L’archevêque était satisfait : sa manoeuvre d’intimidation portait ses fruits. Une fois de plus, il ne pouvait que constater la faiblesse de l’homme. Et pour la peine, il ne regrettait même plus son repas écourté par la visite précoce du souverain.

— J’aime mieux cela, lâcha-t-il soulagé. Il va sans dire que nos hommes de Dieu guideront ces brebis égarées pour rejoindre le troupeau du Seigneur. Par le passé, à l’instar de mon prédécesseur le regretté Foulques, nous avons maintes fois refusé de convertir les barbares, mais aujourd’hui, nous sommes prêts à ouvrir les bras et à les accueillir avec bienveillance.
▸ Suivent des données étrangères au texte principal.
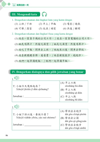 IV. Dengarkan dialognya dan pilih jawaban yang benar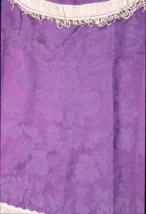 Chape composite en damas violet, ornée sur le devant d'une croisette fleurie terminée par des couronnes d'épines, dans des quadrilobes très allongé, reliés par des feuillages, et sur le dos d'une composition de roses, d'églantines, d'épis de blé et de grappes de raisin feuillées. Orfrois dessinés par passementerie ondée d'argent : feuille de chêne et fleurette à six pétales. Dosseret souligné par une passementerie ondulée identique, chargé en coeur d'un IHS en relief, brodé d'argent, soutenu par les trois clous de la Passion et sommé d'une croix fleurdelisée du même, le tout rayonnant de paillettes d'argent. Franges d'argent de sept centimètres. Doublure : vieux rose pour le bas et violet pour le haut.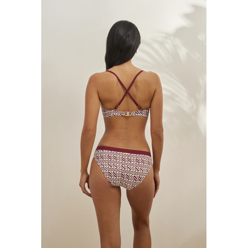 Bikini top with underwire and foam cup. A classic design with straps that provides perfect support and maximum comfort. With a beautiful ethnic print, ideal for creating a discreet and elegant beach or pool look.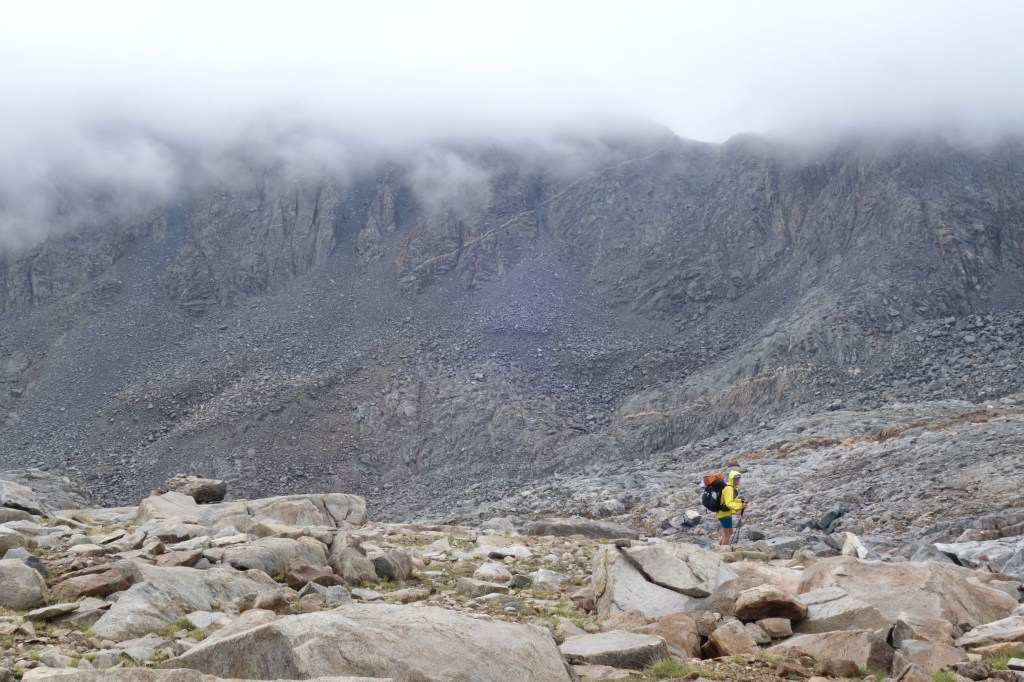 By the time we had made it the six miles back to Bishop Pass, the weather was improving. We turned off the trail, pointing generally south towards the not-yet-visible Thunderbolt Col, around the foot of Mount Aggassiz. The lichen-covered rocks were slick with the stored moisture, but the unblemished stones were already dry. Hopping on talus and unstable scree was ponderous work with such heavy packs, but we made steady progress.

Charles se leva et s’inclina devant le prélat. Il quitta l’église de mauvaise humeur. Pourquoi avait-il accepté la proposition du marquis de Neustrie ? Comment allait-il se sortir de cette méchante situation où l’avait mis le prélat ? Il remonta la nef de l’église et sortit sur le parvis où ses deux hommes d’armes l’attendaient. Sans dire un mot, ils partirent au grand galop sur la route qui les menait à la forêt jouxtant la maison de Dieu.

Le Roi prit la tête de la petite troupe jusqu’à une petite mare partiellement protégée par des arbustes en fleurs. L’arrivée du monarque eut pour effet de faire fuir un héron apeuré qui y avait élu domicile. Un soldat de l’escorte royale sortit son oliphant et souffla trois coups brefs. Il ne fallut qu’un petit instant pour que les feuillages touffus face à lui se missent à bruire d’un léger mouvement. Dame Geneviève en jaillit, non sans grâce, mais le Roi n’était pas d’humeur à s’émouvoir de ce genre de détail. La jeune femme exécuta une révérence impeccable, sans se préoccuper de ce que ce geste pouvait avoir d’incongru dans un décor aussi bucolique.

— Dame Geneviève, lâcha sèchement le Roi. Si je vous ai fait mander en ce lieu, c’est pour vous dire que nous avons résolu d’accepter les conditions du traité. Cette terre de basse Seine sera désormais attribuée aux hommes du Nord. Néanmoins, ceux-ci devront nous garantir deux serments. Ils devront tout d’abord s’engager à nous défendre contre de nouvelles incursions vikings et ensuite, ils seront contraints d’abjurer leurs anciennes croyances païennes pour embrasser la seule vraie foi, celle du Christ.

Geneviève n’était pas là pour juger de la parole du souverain. Elle n’était que la messagère qui, à son humble manière, écrivait l’Histoire. Toutefois, en recueillant les propos du roi Charles, elle ne put s’empêcher de frémir en se disant que Hròlfr ne les apprécierait pas.